● What the task asks
Copy the data that follows exactly, and include none of its images.

● Information supplied

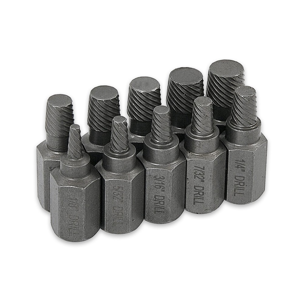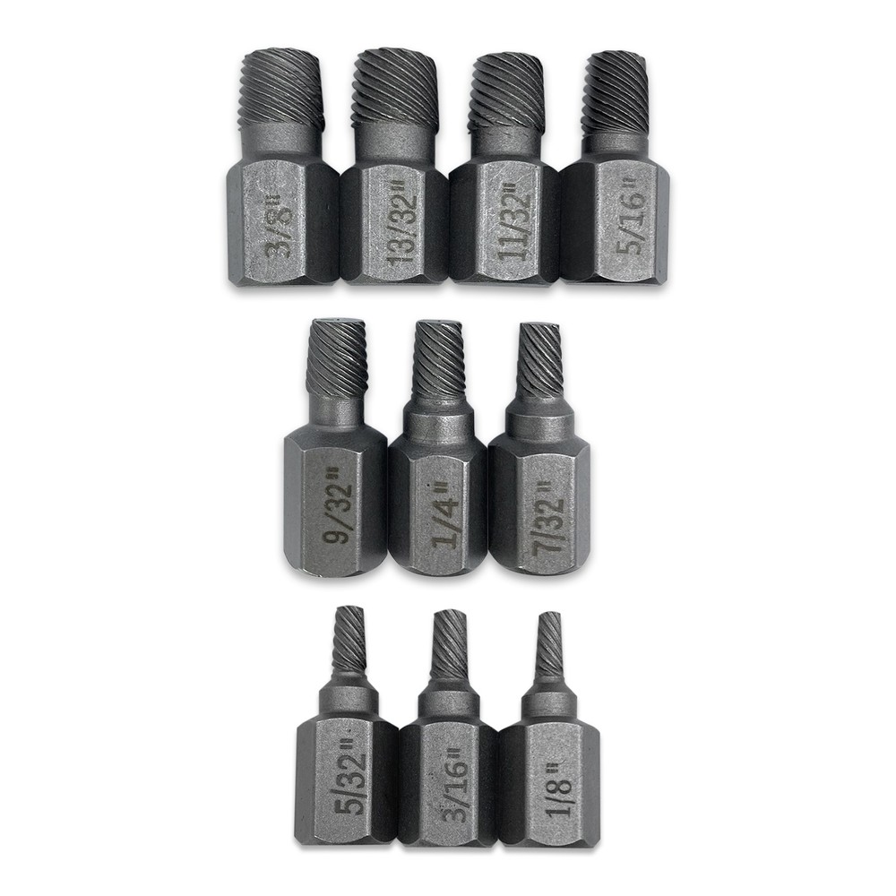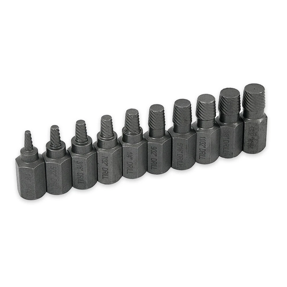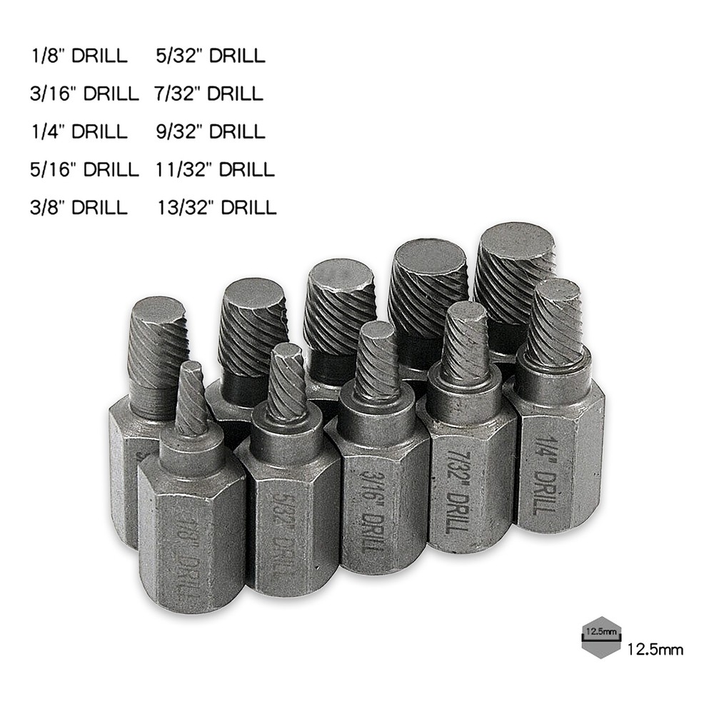 10pcs Screw Extractor Drill Bits Broken Damaged Bolt Stud Remover Set Description 10pcs Multi-Spline Screw Extractor Set For removing broken studs / pipes and screws. Also Alemite grease nipples and fittings. Can be used with a 13mm socket or wrench Sizes: 1/8 | 5/32 | 3/16 | 7/32 | 1/4 | 9/32 | 5/16 | 11/32 | 3/8 | 13/32in. Package: 1X Screw Extractor Set
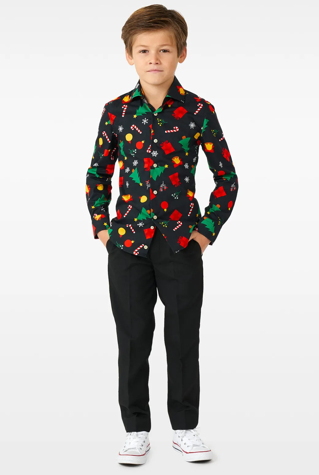 De meeste kinderen houden niet zo van formele kleding, maar in dit geval is het anders. Zodra hij dit overhemd met feestelijke kersticoontjes ziet, wil hij ‘m direct aantrekken. Hijj is grappig, stijlvol én comfortabel dus heeft alles wat je nodig hebt tijdens de feestdagen.
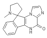 The known imidazoindenopyrazinone (I) was converted to oxime (II) by treatment with isoamyl nitrite and NaH. Subsequent reduction of oxime (II) by means of zinc and AcOH produced acetamide (III), which was hydrolyzed to amine (IV) upon refluxing in 2 N HCl. After protection of amine (IV) as the N-Boc derivative (V), alkylation with 1-bromo-3-chloropropane (VI) in the presence of NaH gave rise to the spiro derivative (VII). Deprotection of the Boc group of (VII) to give amine (VIII) was effected by treatment with trifluoroacetic acid. Finally, Eschweiler-Clarke reductive alkylation of (VIII) with formaldehyde and formic acid furnished the desired N-methyl derivative.
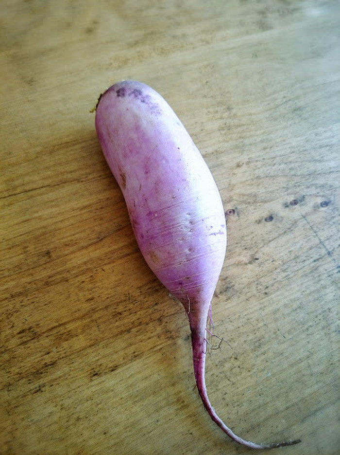 見かけはこんな大根です。皮が薄い紫なんです。
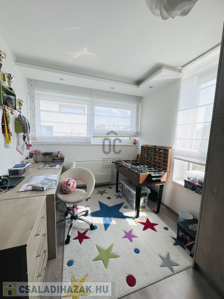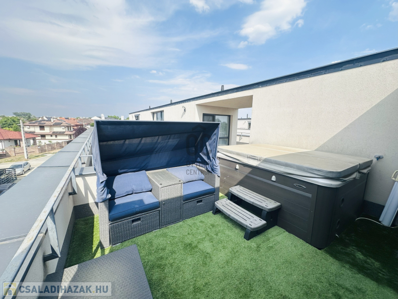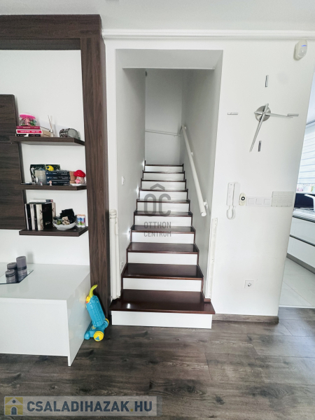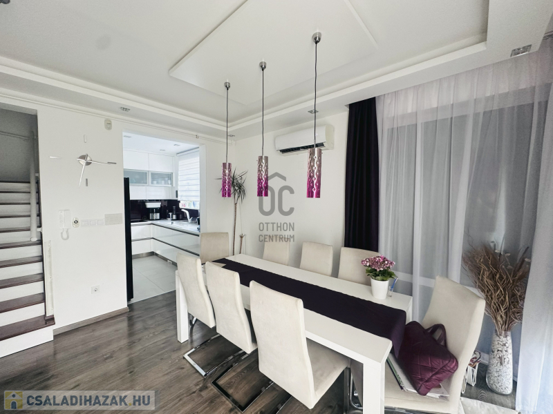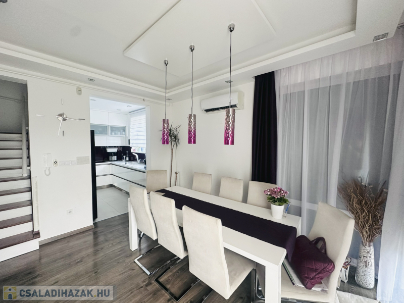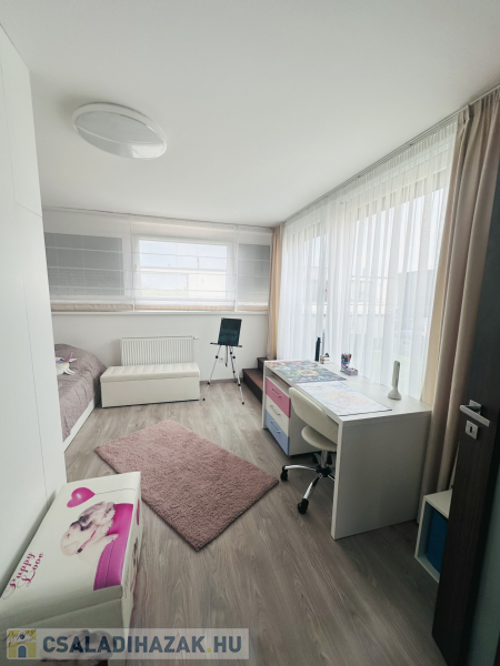 A 2018-ban épült, háromszintes, nappali + 5 szobás sorházi ingatlan közel 300 m² saját kerttel rendelkezik, amely a nappaliból és az utcáról is könnyedén megközelíthető.
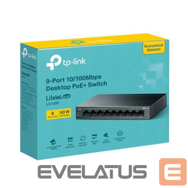 Nevadāms centrmezgls TP-Link NET SWITCH 9PORT 10/100M 8POE+/LS109P
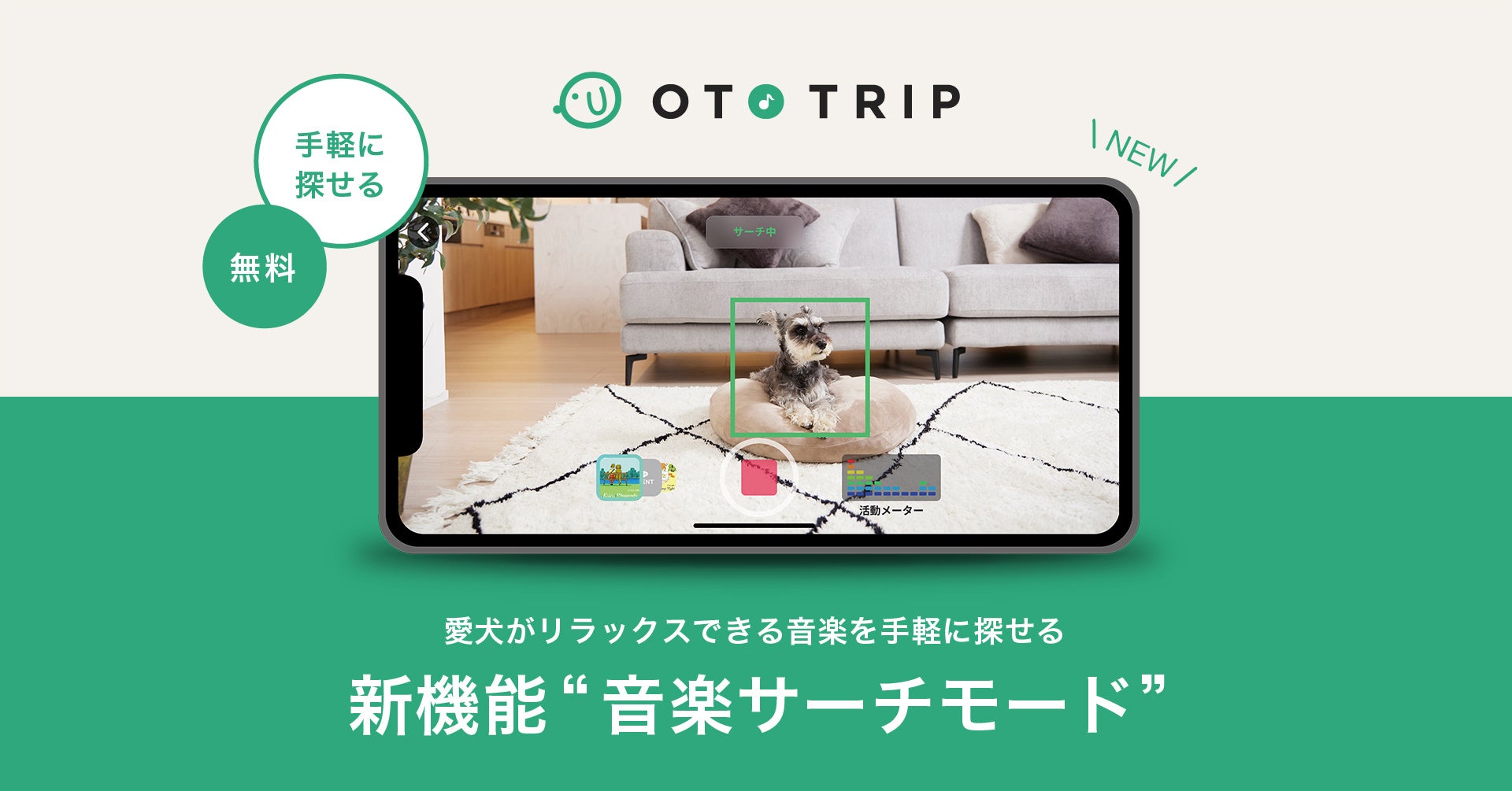 音楽プレイヤー付きペットカメラアプリ『OTO TRIP オトとりっぷ』に、新機能のサーチモードを追加したことで、飼い主さまが愛犬とともに、愛犬のリラックスする音楽を気軽に探すことができるようになりました。
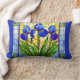 Elevate your living space with this blue iris floral stained glass lumbar pillow, combining comfort and artistic elegance for any room. Its vibrant floral design adds a sophisticated touch to sofas, chairs, or beds while providing perfect back support. Ideal for creating a cozy and stylish atmosphere in your home. GenerativeContent
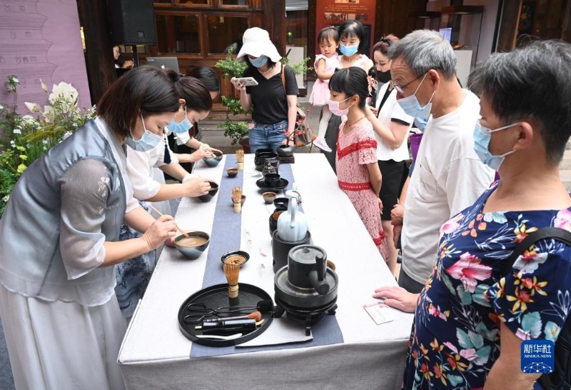 10月7日,游客在福建省非物質(zhì)文化遺產(chǎn)博覽苑觀看宋代點茶和茶百戲表演。
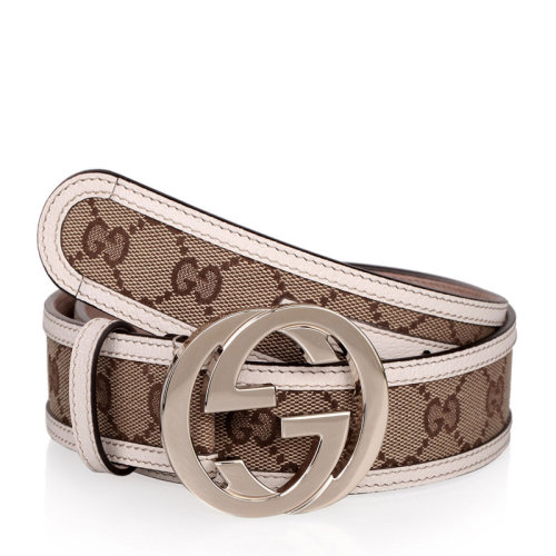 GUCCI/古驰 男女同款 中性经典金色双G扣白色织物配皮板扣皮带腰带 114876-F40IG-9761
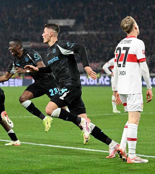 Dank großer Moral, einer furiosen Aufholjagd und später Tore hat Bayer Leverkusen den Rückstand auf Tabellenführer FC Bayern München in der Fußball-Bundesliga verkürzt. Angreifer Patrik Schick schoss den Meister beim VfB Stuttgart in der Nachspielzeit nach 1:3-Rückstand noch zum 4:3 (0:1)-Sieg und ließ die Werkself jubeln.

● Answer box
 10pcs Screw Extractor Drill Bits Broken Damaged Bolt Stud Remover Set Description 10pcs Multi-Spline Screw Extractor Set For removing broken studs / pipes and screws. Also Alemite grease nipples and fittings. Can be used with a 13mm socket or wrench Sizes: 1/8 | 5/32 | 3/16 | 7/32 | 1/4 | 9/32 | 5/16 | 11/32 | 3/8 | 13/32in. Package: 1X Screw Extractor Set
 De meeste kinderen houden niet zo van formele kleding, maar in dit geval is het anders. Zodra hij dit overhemd met feestelijke kersticoontjes ziet, wil hij ‘m direct aantrekken. Hijj is grappig, stijlvol én comfortabel dus heeft alles wat je nodig hebt tijdens de feestdagen.
 The known imidazoindenopyrazinone (I) was converted to oxime (II) by treatment with isoamyl nitrite and NaH. Subsequent reduction of oxime (II) by means of zinc and AcOH produced acetamide (III), which was hydrolyzed to amine (IV) upon refluxing in 2 N HCl. After protection of amine (IV) as the N-Boc derivative (V), alkylation with 1-bromo-3-chloropropane (VI) in the presence of NaH gave rise to the spiro derivative (VII). Deprotection of the Boc group of (VII) to give amine (VIII) was effected by treatment with trifluoroacetic acid. Finally, Eschweiler-Clarke reductive alkylation of (VIII) with formaldehyde and formic acid furnished the desired N-methyl derivative.
 見かけはこんな大根です。皮が薄い紫なんです。
 A 2018-ban épült, háromszintes, nappali + 5 szobás sorházi ingatlan közel 300 m² saját kerttel rendelkezik, amely a nappaliból és az utcáról is könnyedén megközelíthető.
 Nevadāms centrmezgls TP-Link NET SWITCH 9PORT 10/100M 8POE+/LS109P
 音楽プレイヤー付きペットカメラアプリ『OTO TRIP オトとりっぷ』に、新機能のサーチモードを追加したことで、飼い主さまが愛犬とともに、愛犬のリラックスする音楽を気軽に探すことができるようになりました。
 Elevate your living space with this blue iris floral stained glass lumbar pillow, combining comfort and artistic elegance for any room. Its vibrant floral design adds a sophisticated touch to sofas, chairs, or beds while providing perfect back support. Ideal for creating a cozy and stylish atmosphere in your home. GenerativeContent
 10月7日,游客在福建省非物質(zhì)文化遺產(chǎn)博覽苑觀看宋代點茶和茶百戲表演。
 GUCCI/古驰 男女同款 中性经典金色双G扣白色织物配皮板扣皮带腰带 114876-F40IG-9761
 Dank großer Moral, einer furiosen Aufholjagd und später Tore hat Bayer Leverkusen den Rückstand auf Tabellenführer FC Bayern München in der Fußball-Bundesliga verkürzt. Angreifer Patrik Schick schoss den Meister beim VfB Stuttgart in der Nachspielzeit nach 1:3-Rückstand noch zum 4:3 (0:1)-Sieg und ließ die Werkself jubeln.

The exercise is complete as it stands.